# rescue ext3 filesystem [solved]

## KKtm

I accidentaly reformated my ext3-data-partition as swap.

The problem is because sda6 was shown (already before reformatting) as swap space although it was ext3. In fact the ext3-partition isn't even shown at all in fdisk, whereas parted sees it.

```

Disk /dev/sda: 250.0 GB, 250059350016 bytes

255 heads, 63 sectors/track, 30401 cylinders

Units = cylinders of 16065 * 512 = 8225280 bytes

   Device Boot      Start         End      Blocks   Id  System

/dev/sda1               1           5       40131   83  Linux

Partition 1 does not end on cylinder boundary.

/dev/sda2   *           6        3836    30761640    7  HPFS/NTFS

Partition 2 does not end on cylinder boundary.

/dev/sda3            3837       30401   213383362+   f  W95 Ext'd (LBA)

Partition 3 does not end on cylinder boundary.

/dev/sda5            3838        7661    30716248+  83  Linux

/dev/sda6           30275       30401     1020096   82  Linux swap / Solaris

```

```
Welcome to GNU Parted! Type 'help' to view a list of commands.

(parted) print

Disk /dev/sda: 250GB

Sector size (logical/physical): 512B/512B

Partition Table: msdos

Number  Start   End     Size    Type      File system  Flags

 1      32.3kB  41.1MB  41.1MB  primary   reiserfs

 2      46.4MB  31.5GB  31.5GB  primary   ntfs         boot

 3      31.6GB  250GB   219GB   extended               lba

 5      31.6GB  63.0GB  31.5GB  logical   reiserfs

 6      63.0GB  249GB   186GB   logical   linux-swap

 7      249GB   250GB   1045MB  logical   linux-swap

```

pretty strange, nevertheless, the accident happened.

Now I'd really like to get my data back (I'm sure they're not deleted, mkswap only took half a second and that's not enough to delete a 186GB partition).

Any recommandation which program could help me?Last edited by KKtm on Sun Nov 26, 2006 5:12 pm; edited 1 time in total

----------

## NeddySeagoon

KKtm,

You are right about most of your data still being on the drive. mkswap writes a few blocks at the beginning of the partition, where the ext3 superblock was. If you are really lucky, thats all that was destroyed, which is ok as ext3 keeps backup superblocks. However, you may of lost the free space map (or part of it) too, which means that its safe to try to use an alternate superblock to mount the partition read only but you must copy the data off, someplace. Either that, or see how much of your ext3 mkswap trampled over. You really don't want your used blocks marked as free. 

man e2fsck says 

```
For  filesystems  with  1k  blocksizes,  a   backup

              superblock  can  be found at block 8193; for filesystems with 2k

              blocksizes, at block 16384; and  for  4k  blocksizes,  at  block

              32768.
```

 and man mount tells about the 

```
sb= oprion  sb=n   Instead of block 1, use block n as  superblock ...  The block number here  uses  1k

              units.  Thus,  if  you  want  to  use  logical  block 32768 on a

              filesystem with 4k blocks, use "sb=131072"
```

Putting that together 

```
mount -o ro,sb=131072 /dev/sda6 /mnt/someplace
```

is well worth trying.

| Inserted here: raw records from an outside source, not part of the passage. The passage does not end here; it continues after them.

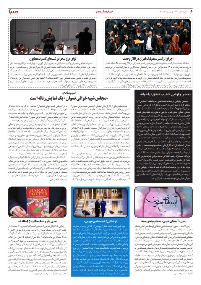 شماره ۱۲۲۷| روزنامه صبا شنبه ۴ تیر ۱۴۰۱
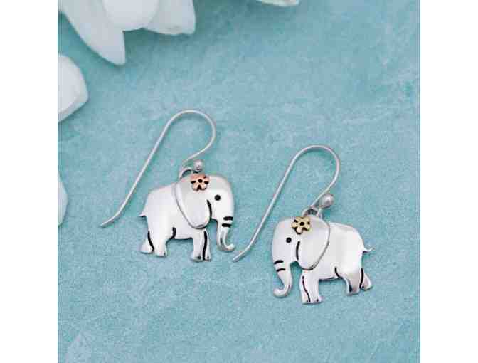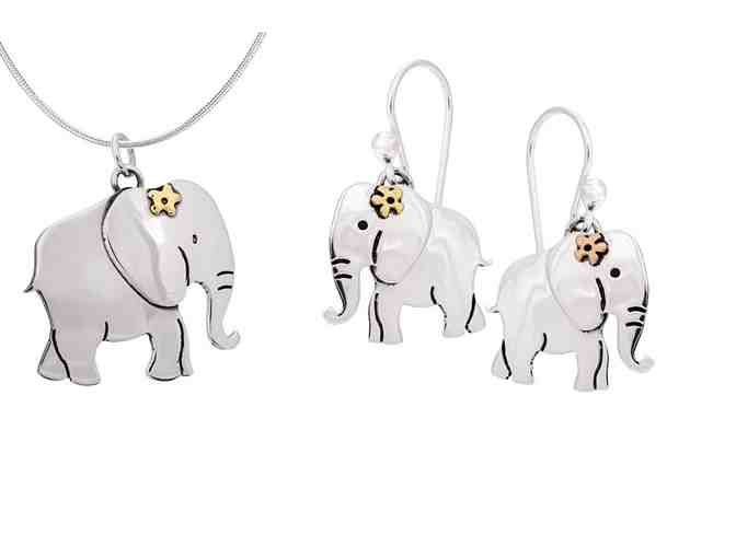 Pay homage to these gentle giants with an artisan-made bright shining sterling silver pendant and earring set that touts your love of the floppy eared, big-spirited elephants. The pendant measures 0.8 x 0.9 inches and the ellie is adorned with a cute brass flower. It comes on an 18 inch sterling silver snake chain. The earrings measure 0.9 x 0.6 inches. They are made of sterling silver with an adorable brass flower on one and copper flower on the other. They are handcrafted and fairly traded from Mexico.
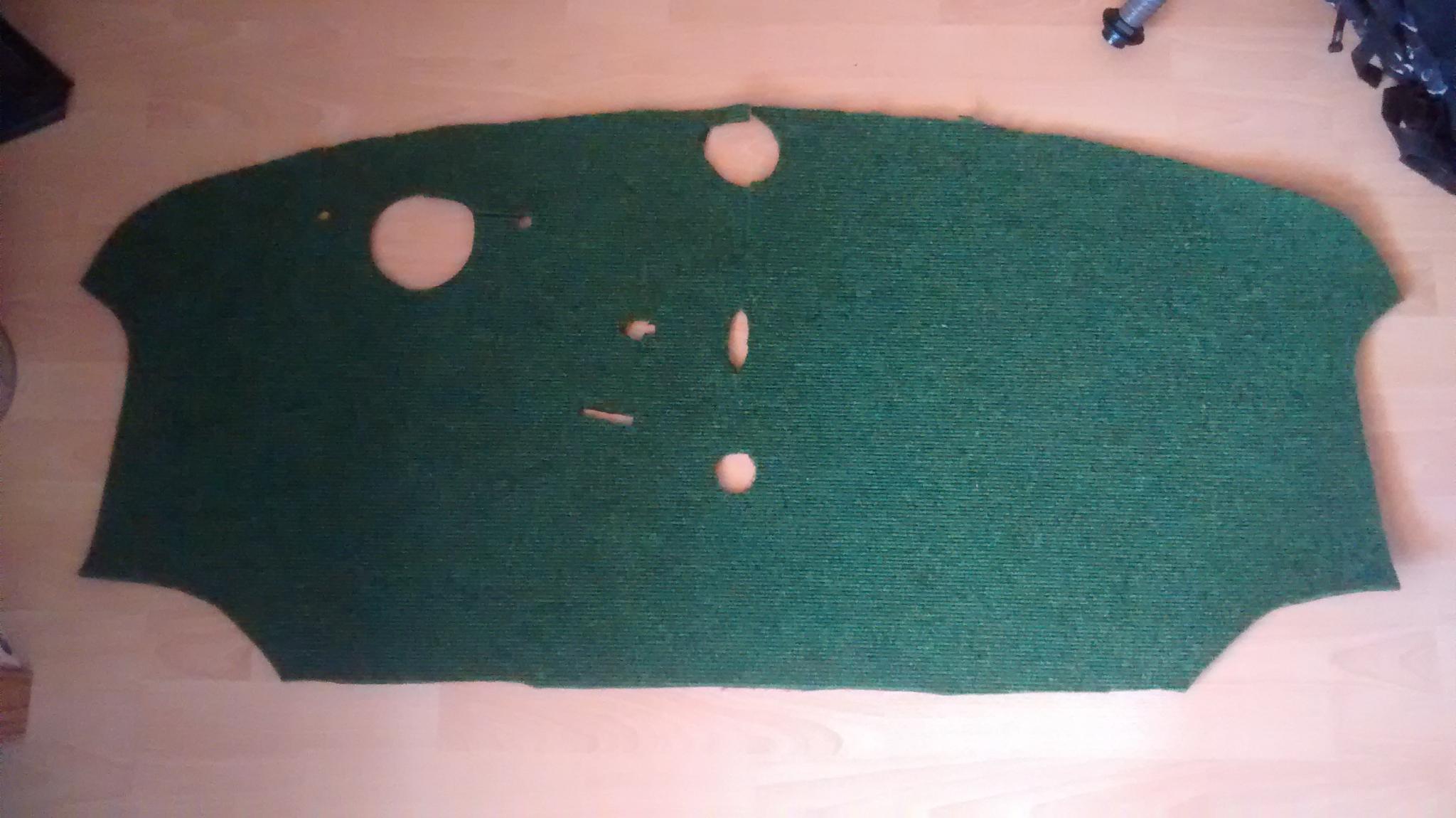 Am Freitag mit einer Papierschablone den Teppich ausgeschnitten.
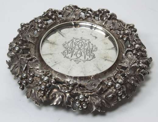 J. S. Hunt, London 1839, of shaped circular outline with finely cast fruiting vine border, the central base with monogram to centre, raised on three silver castors
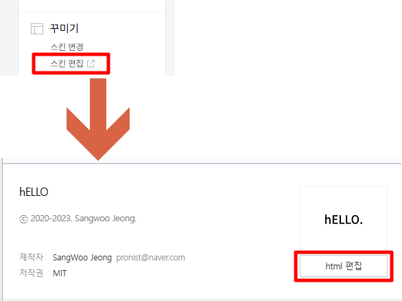 - 꾸미기 → 스킨 편집 → HTML 편집을 클릭합니다.

If that fails, there are other superblock copies too. If the damage means you have lost the filesystem root directory, you need at least one copy of the partition to play with.

----------

## KKtm

Thanks alot.

The filesystem was /home so the root directory is still ok, the system boots normal and I created a new home on the root partition, to be able to get back into my desktop environment.

I've tried 

```
mount -o ro,sb=131072 /dev/sda6 /mnt/temp/
```

but I got 

```
/dev/sda6 looks like swapspace - not mounted

mount: you must specify the filesystem type

```

Any more ideas?

----------

## NeddySeagoon

KKtm,

```
mount -o ro,sb=131072 -t ext3 /dev/sda6 /mnt/temp/
```

 Tell mount its actually ext3.

If the startup sequence has /dev/sda6 already mounted as swap (since it has a valid swap signature) you may need to do

```
swapoff /dev/sda6
```

first.

You can discover more alternate superblocks with 

```
mke2fs -n -j /dev/sda6
```

Now, thats a very dangerous thing to do, since one error on your part will remake a whole new filesystem. Read about -n in 

```
man mke2fs 
```

 Try some other alternate superblocks.

There is also debugfs and sleuthkit, you probably have debugfs already. Sleuthkit is in portage.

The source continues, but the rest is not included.